De acordo com a WTorre, as palestras foram devidamente remuneradas e os recibos estão à disposição para consultas. "Assim como o ex-ministro Antonio Palocci, outras figuras expoentes do cenário macroeconômico e político do País, tais como o ex-ministro Antonio Kandir e o executivo Alcides Tápias, estiveram na empresa, à convite da WTorre, para proferir palestras sobre temas diversos para o staff, prospects e outros convidados da companhia", salientou a assessoria. "Por fim, gostaríamos de acrescentar que, esta relação, comercial e dentro das práticas da boa governança corporativa, foi alvo de questionamento público por parte de um veículo de comunicação, em 2010. A Procuradoria Geral da União (PGU) avaliou minuciosamente o contrato entre o ex-ministro Antonio Palocci e a WTorre e não encontrou qualquer irregularidade, tornando público parecer neste sentido", prosseguiu, acrescentando que todos os documentos referente à contratação do ex-ministro, tanto as notas fiscais emitidas pela Projeto, quanto o parecer da Procuradoria Geralda União estão à disposição, caso queira consultá-los.

A Souza Cruz informou que contratou a Projeto para a prestação de serviços de consultoria econômica, consistentes na análise da conjuntura político-econômica do país e das perspectivas de sua evolução no curto, médio e longo prazo. "A escolha da Projeto Consultoria deveu-se ao reconhecido conhecimento técnico e relevante experiência como Ministro da Fazenda de seu sócio majoritário, Antonio Palocci.

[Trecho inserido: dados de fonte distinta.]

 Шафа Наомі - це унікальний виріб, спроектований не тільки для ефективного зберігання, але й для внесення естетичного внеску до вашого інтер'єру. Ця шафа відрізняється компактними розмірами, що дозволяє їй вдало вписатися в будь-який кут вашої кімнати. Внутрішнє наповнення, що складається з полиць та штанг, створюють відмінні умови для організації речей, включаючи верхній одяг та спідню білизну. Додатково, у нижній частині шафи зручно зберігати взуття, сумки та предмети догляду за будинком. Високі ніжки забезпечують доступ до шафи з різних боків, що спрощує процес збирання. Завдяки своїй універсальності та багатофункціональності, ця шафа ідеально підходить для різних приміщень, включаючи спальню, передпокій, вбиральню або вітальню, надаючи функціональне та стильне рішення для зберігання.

Os referidos serviços foram prestados por um período total de 3 anos e 4 meses."

A Multiplan, por sua vez, disse que a Projeto Consultoria elaborou estudos e prestou serviços de consultoria que compreendiam a realização de reuniões, apresentações e relatórios. "Todos os serviços foram prestados satisfatoriamente de acordo com o escopo do contrato."

A assessoria de imprensa de PAIC Participações informou que contratou a empresa Projeto para a prestação de serviços de consultoria financeira e empresarial.

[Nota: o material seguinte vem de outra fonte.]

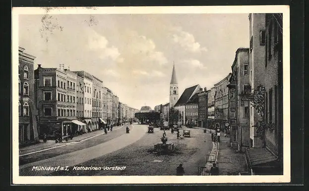 AK Mühldorf a. I., Strassenpartie in der Katharinen-Vorstadt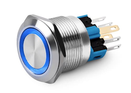 ALPHA ELETTRONICA SR - ALP330-078L-5 PULS.INT.1P ON/OFF SALD. ACCIAIO22MM BLU - 330-078L-5

A TV Sul de Minas esclareceu que a Projeto foi contratada especificamente para elaboração de um estudo socioeconômico da Região Sul de Minas. "A contratação ocorreu em outubro de 2011 e o estudo, consistente e detalhado, foi devidamente entregue na data acordada para subsidiar a decisão estratégica de dividir a cobertura do território da TV Sul de Minas em duas emissoras, considerando o potencial do mercado da região. O estudo foi desenvolvido pelos senhores André Palocci e Adrian Ortega."

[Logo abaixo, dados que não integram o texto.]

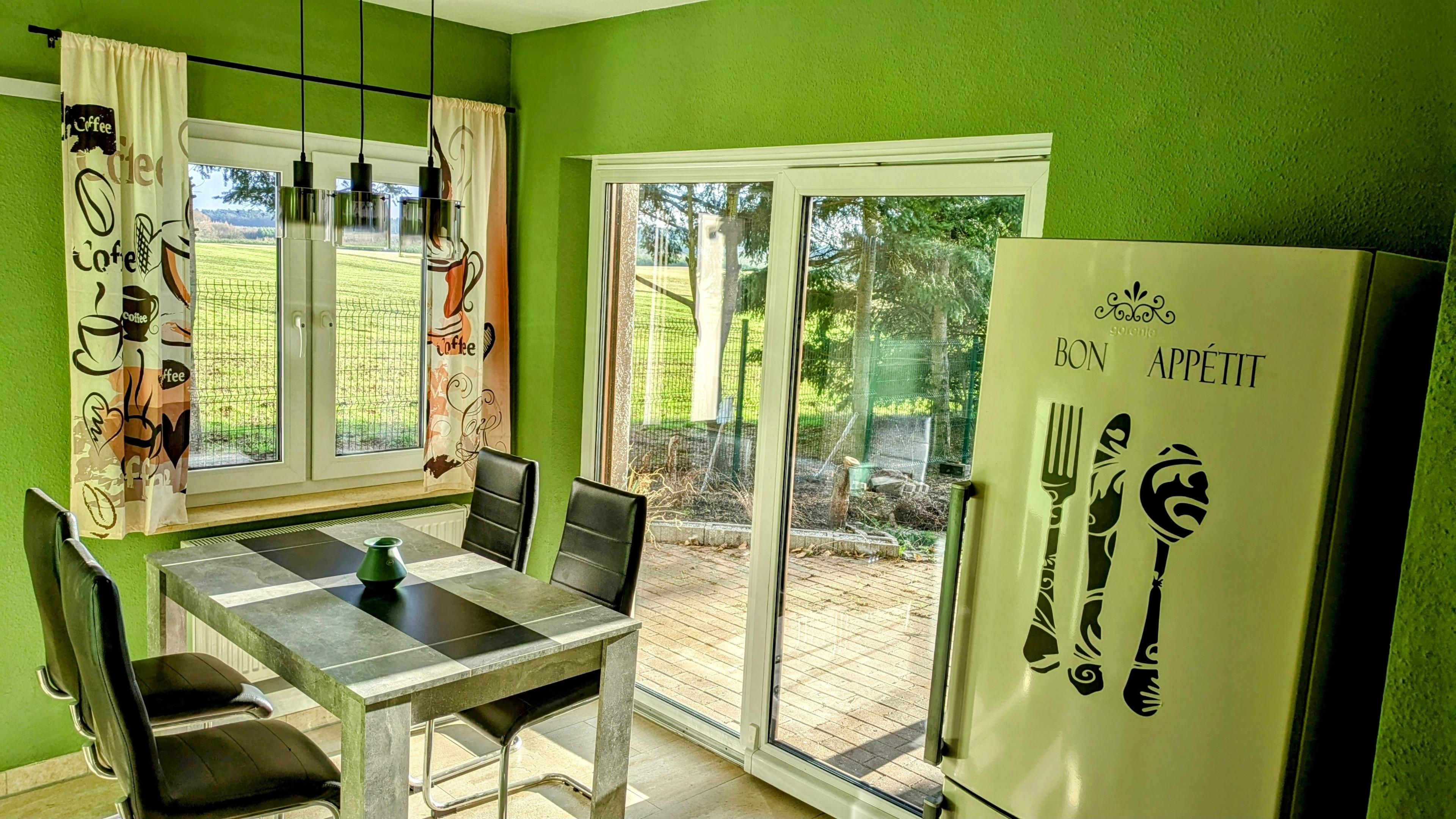 Die Küche ist sehr geräumig mit freiem Blick in die Natur und Zugang zur Terasse .

A CAP Pioneira destacou que a Projeto foi contratada, em março de 2012, para avaliar um investimento de seus sócios no interior do Estado da Bahia, efetivamente realizado alguns meses depois. "O estudo foi desenvolvido pelos senhores André Palocci e Adrian Ortega."

TV Sul de Minas e CAP Pioneira ainda esclareceram que, em seus e-mails, "não têm atividades vinculadas, tampouco similares, sendo que o objeto das contratações tiveram finalidades distintas".

A Arteris explicou que identificou em seus arquivos contrato referente a serviço de consultoria econômica prestado pela Projeto entre janeiro de 2009 e abril de 2010, totalizando R$ 300 mil. "Os atuais acionistas assumiram as operações da Arteris em aquisição de ativos concretizada em dezembro de 2012."

A JGP informou que contratou a Projeto para prestar serviços de consultoria sobre conjuntura político-econômica, realizando pagamentos mensais de R$ 10.000,00, em duas etapas: de maio a dezembro de 2007 e de abril de 2008 a maio de 2010. "É prática comum entre empresas de gestão de recursos a contratação de consultorias para auxiliar na construção de cenários macroeconômicos e políticos."

A Amil, por sua vez, informou que não comenta contratos sob confidencialidade entre entes privados. "A empresa está à disposição das autoridades para qualquer esclarecimento que se fizer necessário."